Auf der WWDC 2026 (8. Juni, Tim Cooks letzter Keynote als CEO) hat Apple seine KI-Strategie um eine hybride On-Device- und Cloud-Architektur sowie eine neue Google-Partnerschaft neu aufgebaut. Für alle, die lokale LLMs betreiben, lautet die entscheidende Frage nicht, ob Siri intelligenter wurde — sondern was genau auf dem Gerät läuft, was es verlässt, und wie das im Vergleich zum Betrieb von Qwen oder Llama auf eigener Hardware aussieht.

Wichtigste Erkenntnisse

  • Apple Intelligence ist ein dreistufiges Hybrid — On-Device AFM Core (reines Apple, null Google), Private Cloud Compute (Apple-Server) und AFM 3 Cloud Pro (Nvidia-GPUs in Google Cloud, mit Gemini verfeinert).
  • Das On-Device-Modell Ihres iPhones ist reines Apple — AFM Core / AFM 3 Core Advanced ist 20B Sparse, aktiviert 1–4B Parameter pro Prompt via Instruction-Following Pruning.
  • Gemini ist ein Lehrsignal, nicht die Laufzeit — Apples Cloud-Modell wurde mit Gemini-Ausgaben verfeinert; Gemini läuft nicht auf Ihrem Gerät.
  • Selbst gehostete lokale LLMs bieten Kontrolle, die Apple nicht kann — offene Gewichte, freie Quantisierung, beliebige Tools, vollständig offline, Modell austauschbar.
  • WWDC 2026 (8. Juni, Tim Cooks letzte Keynote): sechs OS-Betas, dedizierte Siri-App mit iCloud-Verlauf, homeOS-Vorschau für HomePad.
  • EU/DSGVO: On-Device = Datenspeicherung standardmäßig auf dem Gerät; Cloud Pro leitet an Google Cloud (USA) weiter — Kapitel-V-Transfer-Fragen anwendbar.

Was Apple auf der WWDC 2026 angekündigt hat

Die WWDC 2026 begann am 8. Juni mit Tim Cooks letzter Keynote als CEO. Im Mittelpunkt stand eine neu ausgerichtete KI-Strategie: eine neue dedizierte Siri-App mit iCloud-synchronisiertem Gesprächsverlauf, sechs OS-Versionen in der Beta (iOS 27, iPadOS 27, macOS 27, watchOS 27, tvOS 27, visionOS 27 — vollständige Markteinführung für Herbst 2026 geplant) sowie eine homeOS-Entwicklervorschau für das kommende HomePad Smart-Home-Hub.

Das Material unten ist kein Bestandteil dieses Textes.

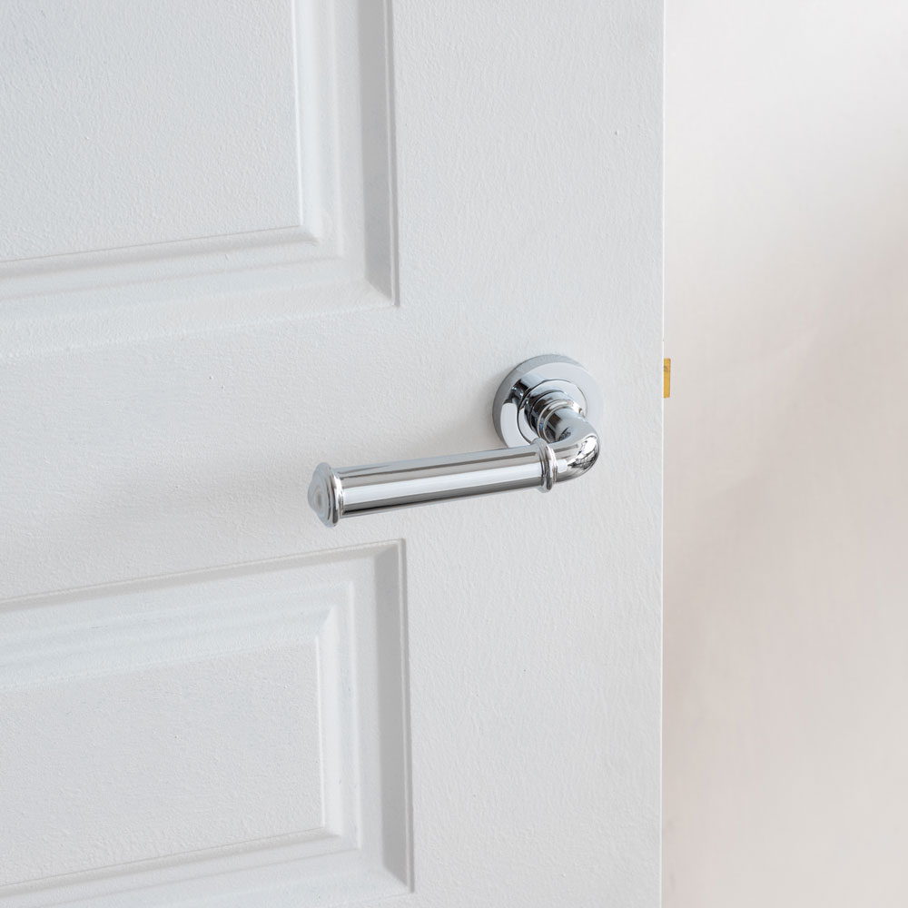 The Classic Lever on Rose from the Jedo range showcases an elegantly elongated handle with a smooth, cylindrical grip that gently tapers towards the end. Ideal for both traditional and modern interiors, these door handles are sold in pairs.

Die KI-Schicht heißt Apple Intelligence und wurde nun gemeinsam mit Google unter Verwendung von Gemini-Technologie entwickelt. Die On-Device-Modelle (AFM Core / AFM 3 Core Advanced) stammen von Apple selbst. Das Cloud-Modell (AFM 3 Cloud Pro) wurde mit Gemini-Ausgaben verfeinert und läuft auf Nvidia-GPUs in Google Cloud.

📍 In einem Satz

Auf der WWDC 2026 präsentierte Apple Apple Intelligence als dreistufiges Hybrid: On-Device AFM-Modelle (reines Apple), Private Cloud Compute (Apple-Server) und AFM 3 Cloud Pro auf Nvidia-GPUs in Google Cloud (mit Gemini verfeinert).

💬 In einfachen Worten

Apple Intelligence ist Apples KI-System. Einfache Aufgaben (Diktat, schnelle Antworten) laufen vollständig auf dem iPhone-Chip und verlassen das Gerät nie. Schwerere Aufgaben können an Apple-eigene Cloud-Server weitergeleitet werden. Die komplexesten Reasoning-Aufgaben gehen an einen Google-Cloud-Server, auf dem ein Apple-Modell läuft, das teilweise mit Googles Gemini trainiert wurde.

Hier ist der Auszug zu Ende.